Task instructions: Pictures aside, copy exactly the lines running from the one with "ДЕЙСТВУЮЩАЯ АРМИЯ. На" to the end of the records.

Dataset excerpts
◇ ◇ ◇ ◇

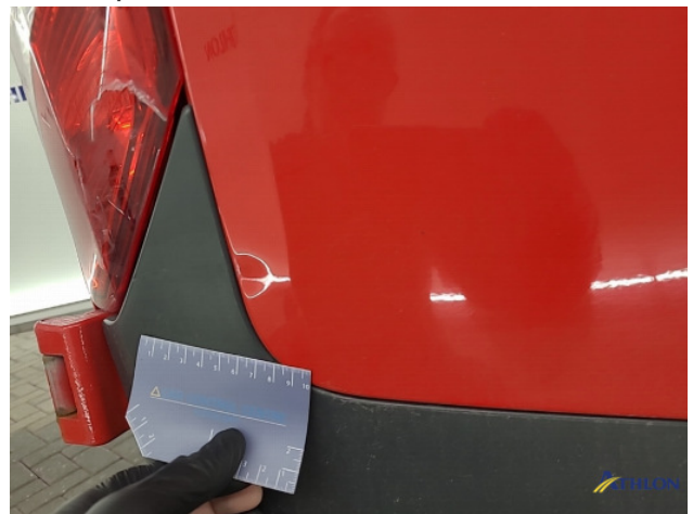
5. Achterlicht rechts Breuk / barst / scheur
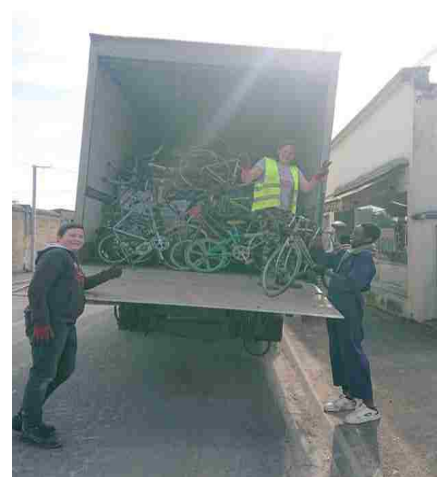
Stagiaires du FCIL lors d'un enlèvement écologique

En 2025 nous maintenons le rendez-vous habituel le mardi après-midi, ainsi plus de 45 ateliers démontage et remontage ont eu lieu.
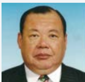
LCIF エリアリーダー（西日本）
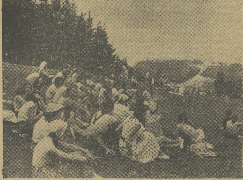
Po kilkutygodniowym odpoczynku w kraju setki dzieci Polonii zagranicznej już za kilka dni wyjadą do Belgii, Francji, Anglii, Holandii, zaciągając na długą w pamięci wesoło spędzone wakacje oraz piękno ojczystego kraju.

Na zdjęciu: Po długiej wędrówce — odpoczynek na polanie pod Szyndzielnią (dzieci z Austrii, Belgii i Francji).
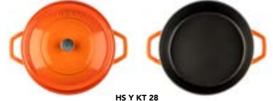
HS Y KT 28
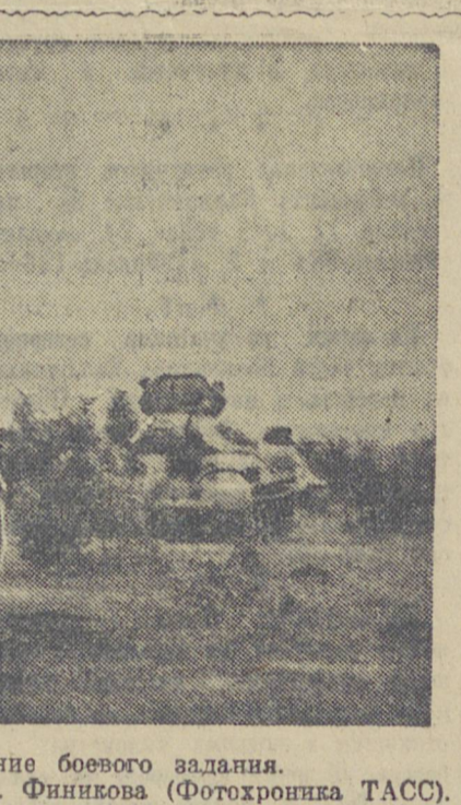
ДЕЙСТВУЮЩАЯ АРМИЯ. На снимке: танки выходят на выполнение боевого задания.
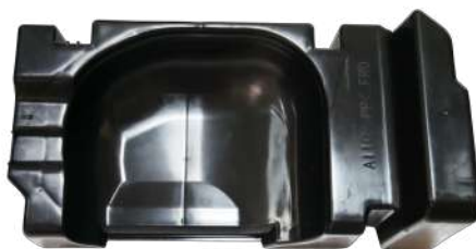
ドレンパン(冷蔵庫)

◇ ◇ ◇ ◇

Result:
ДЕЙСТВУЮЩАЯ АРМИЯ. На снимке: танки выходят на выполнение боевого задания.
ドレンパン(冷蔵庫)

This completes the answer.